A Valediction: Of Caledonia

[Amended from Original]

This time last year, I travelled up to Edinburgh four days out of five during Freshers’ Week for the decidedly poor Research Methods Course. This is just to mark my final trip. I am going to attempt once more to say goodbye.

Owing to the generous library borrowing allowance for researchers here, I gladly exploited the maximum quota of 25 for most of the second half of the year. Minus the small handful returned on the 24th, the ‘climacteric’ day of dissertation submission, there remained 21 to return, including the Passions of the Renaissance anthology and the Cambridge History of Early Modern English Literature, which made for quite a burden to carry up the valley.

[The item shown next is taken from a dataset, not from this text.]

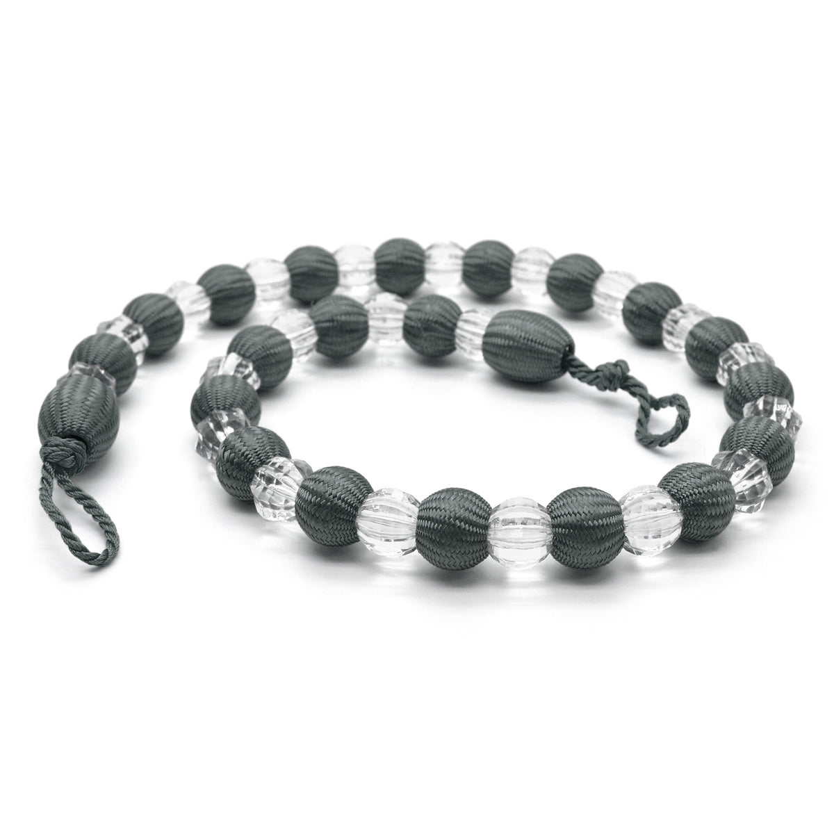 Our beaded curtain tiebacks are stunning and meticulously crafted with intricate detailing. Each tieback features a beautiful crystal followed by a knitted bead, creating a mesmerising effect that catches the eye. The clear crystals complement the charcoal coloured knitted beads, giving a touch of elegance to any room. Plus, the thin rope fastening makes it easy to use and secure.

The library prefers returned books to be left on a single window shelf during open hours, and there was amusement as the pile almost boarded them up single-handedly. There was also a £7.00 fine for my sins, which was declared to the librarian as ‘the last task’ – reminiscent of the final episode of Knightmare – and incidentally the library’s aesthetics are presently reminiscent of a dungeon.

A strange day: there was no sense of belonging in Edinburgh after all. It was quite a shock to see the place awash with students, many new, after the summer of relative tranquility. The library has been the only place of belonging there this year, and it is not a building for inspiration. The main intention was to say farewell to the two tutors who helped me so much this year, but unfortunately, with the arrival of masses, all lecturers fled for their lives.

In contrast to the disturbingly peaceful Bristo Square, hundreds of people swarmed aimlessly around the precinct, but once up the flights of the David Hume Tower, the corridors of the English Department were also eerily deserted. I had been told that I should be able to catch Dr. Loxley from 1 in his office. I headed up for 1:20, but there was nobody there. After waiting twenty minutes, the copy of the dissertation which I had brought for him was propped against his door, and that was the inauspicious farewell to the David Hume Tower, which apparently holds the best views of Edinburgh. I argue for the top of the News Steps.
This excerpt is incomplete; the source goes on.